> **YOUR ASSIGNMENT**:
Would you quote every entry exactly, dropping only the pictures?

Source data
****************************************

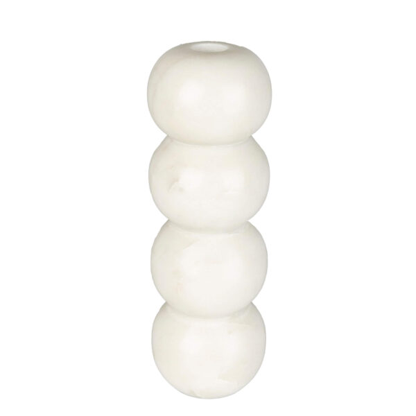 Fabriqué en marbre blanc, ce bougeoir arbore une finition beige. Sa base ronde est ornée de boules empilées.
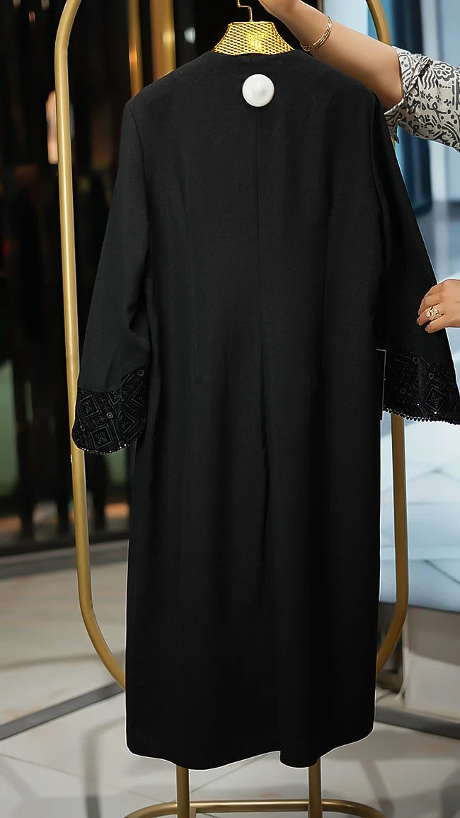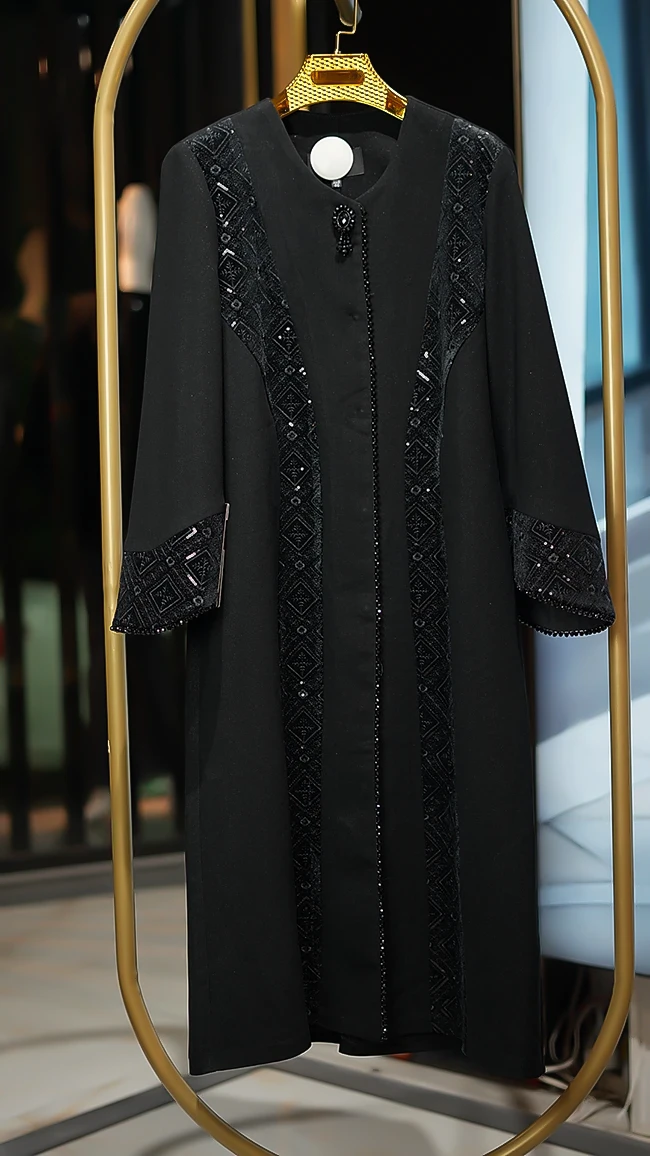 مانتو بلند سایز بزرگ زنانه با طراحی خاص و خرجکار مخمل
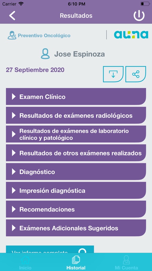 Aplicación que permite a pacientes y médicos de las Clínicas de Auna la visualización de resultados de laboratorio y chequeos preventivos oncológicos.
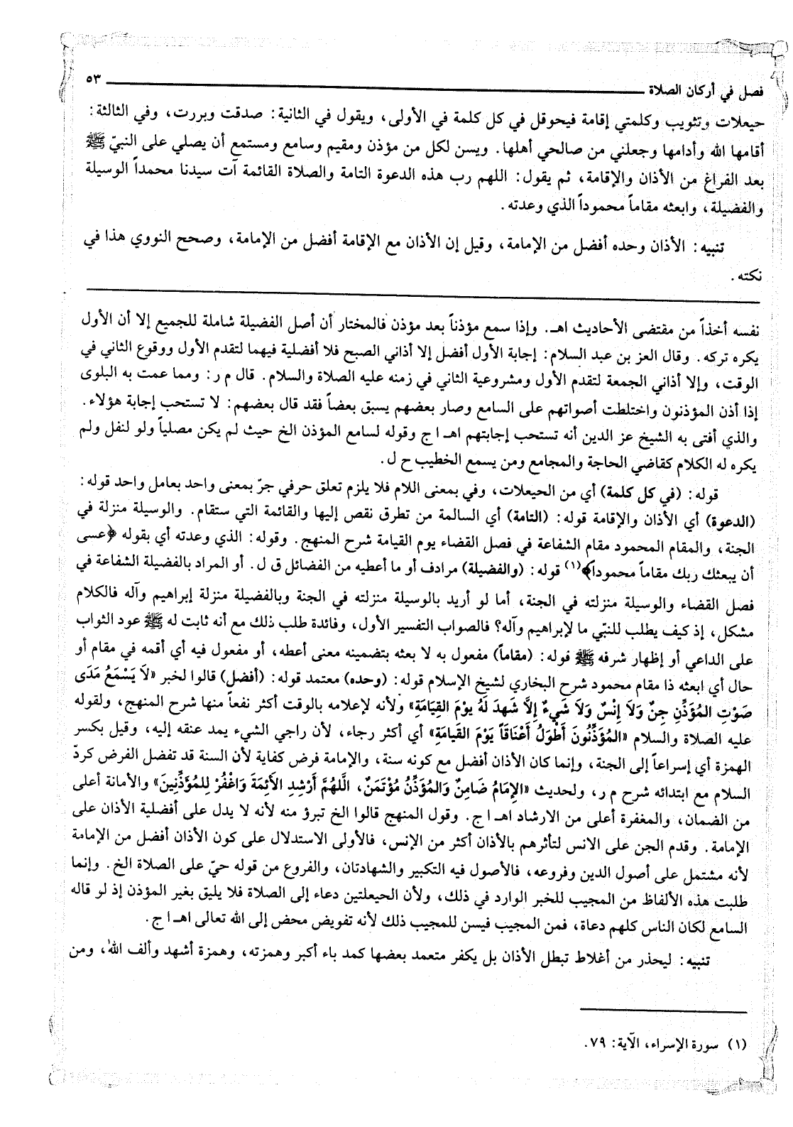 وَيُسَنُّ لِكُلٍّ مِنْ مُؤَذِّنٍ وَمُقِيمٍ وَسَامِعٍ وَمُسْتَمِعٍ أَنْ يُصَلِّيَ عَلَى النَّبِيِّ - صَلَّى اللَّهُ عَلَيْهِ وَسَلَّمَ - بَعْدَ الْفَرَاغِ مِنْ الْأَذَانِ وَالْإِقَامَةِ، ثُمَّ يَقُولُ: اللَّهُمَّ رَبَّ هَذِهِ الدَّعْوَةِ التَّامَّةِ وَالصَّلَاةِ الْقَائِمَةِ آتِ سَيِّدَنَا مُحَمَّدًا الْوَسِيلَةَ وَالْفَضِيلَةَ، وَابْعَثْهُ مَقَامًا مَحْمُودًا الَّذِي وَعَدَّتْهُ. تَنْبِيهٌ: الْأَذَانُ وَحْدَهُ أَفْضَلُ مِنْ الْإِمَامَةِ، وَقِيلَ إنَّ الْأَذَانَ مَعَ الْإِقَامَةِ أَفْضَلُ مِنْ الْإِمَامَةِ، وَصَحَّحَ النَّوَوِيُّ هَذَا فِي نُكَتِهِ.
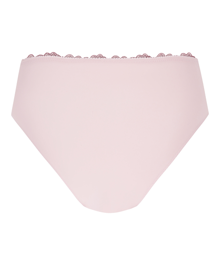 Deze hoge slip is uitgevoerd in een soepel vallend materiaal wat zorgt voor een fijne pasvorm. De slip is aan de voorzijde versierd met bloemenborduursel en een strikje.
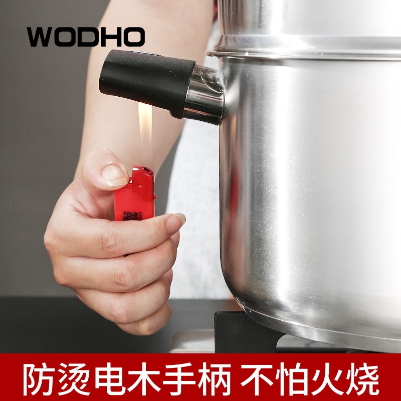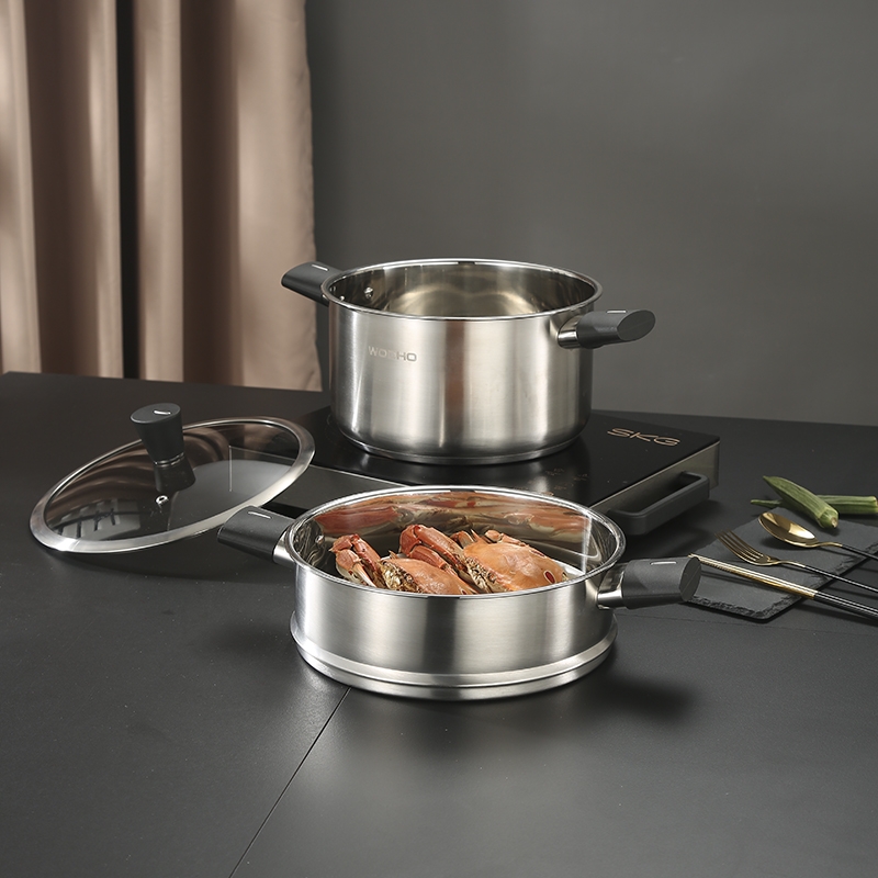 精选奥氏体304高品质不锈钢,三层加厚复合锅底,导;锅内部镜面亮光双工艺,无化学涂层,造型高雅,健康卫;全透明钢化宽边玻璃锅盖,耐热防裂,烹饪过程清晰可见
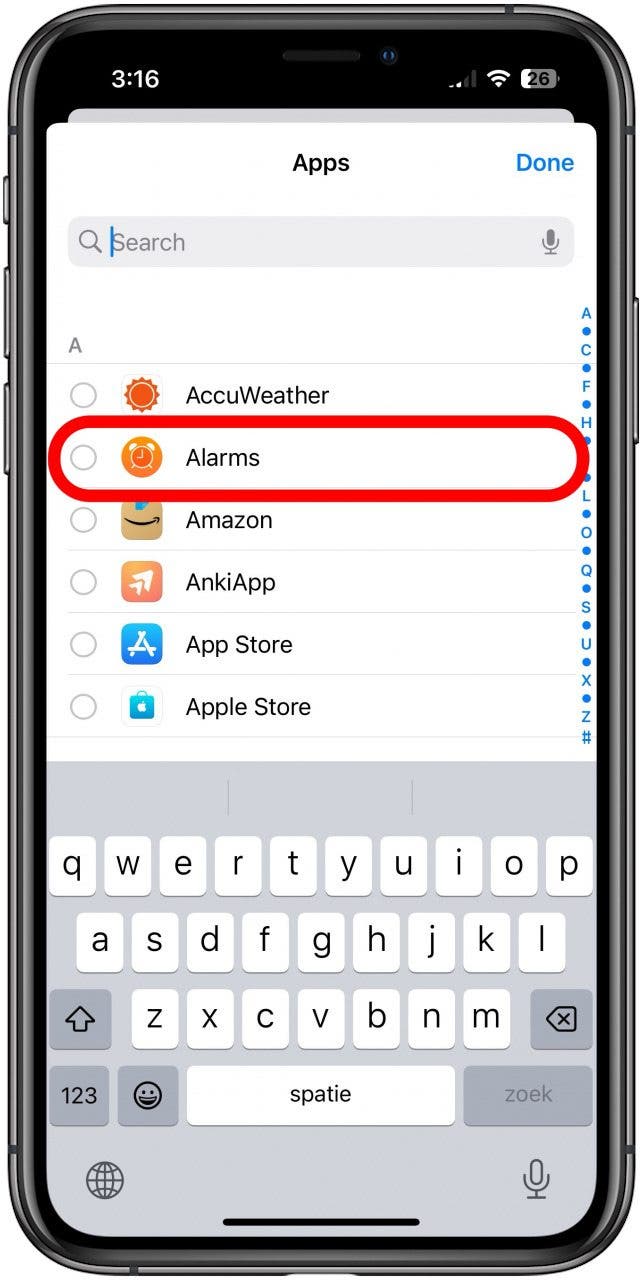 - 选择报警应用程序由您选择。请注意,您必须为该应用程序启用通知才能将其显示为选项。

****************************************

> **RESPONSE FOR THIS EXERCISE**:
 Fabriqué en marbre blanc, ce bougeoir arbore une finition beige. Sa base ronde est ornée de boules empilées.
 مانتو بلند سایز بزرگ زنانه با طراحی خاص و خرجکار مخمل
 Aplicación que permite a pacientes y médicos de las Clínicas de Auna la visualización de resultados de laboratorio y chequeos preventivos oncológicos.
 وَيُسَنُّ لِكُلٍّ مِنْ مُؤَذِّنٍ وَمُقِيمٍ وَسَامِعٍ وَمُسْتَمِعٍ أَنْ يُصَلِّيَ عَلَى النَّبِيِّ - صَلَّى اللَّهُ عَلَيْهِ وَسَلَّمَ - بَعْدَ الْفَرَاغِ مِنْ الْأَذَانِ وَالْإِقَامَةِ، ثُمَّ يَقُولُ: اللَّهُمَّ رَبَّ هَذِهِ الدَّعْوَةِ التَّامَّةِ وَالصَّلَاةِ الْقَائِمَةِ آتِ سَيِّدَنَا مُحَمَّدًا الْوَسِيلَةَ وَالْفَضِيلَةَ، وَابْعَثْهُ مَقَامًا مَحْمُودًا الَّذِي وَعَدَّتْهُ. تَنْبِيهٌ: الْأَذَانُ وَحْدَهُ أَفْضَلُ مِنْ الْإِمَامَةِ، وَقِيلَ إنَّ الْأَذَانَ مَعَ الْإِقَامَةِ أَفْضَلُ مِنْ الْإِمَامَةِ، وَصَحَّحَ النَّوَوِيُّ هَذَا فِي نُكَتِهِ.
 Deze hoge slip is uitgevoerd in een soepel vallend materiaal wat zorgt voor een fijne pasvorm. De slip is aan de voorzijde versierd met bloemenborduursel en een strikje.
 精选奥氏体304高品质不锈钢,三层加厚复合锅底,导;锅内部镜面亮光双工艺,无化学涂层,造型高雅,健康卫;全透明钢化宽边玻璃锅盖,耐热防裂,烹饪过程清晰可见
 - 选择报警应用程序由您选择。请注意,您必须为该应用程序启用通知才能将其显示为选项。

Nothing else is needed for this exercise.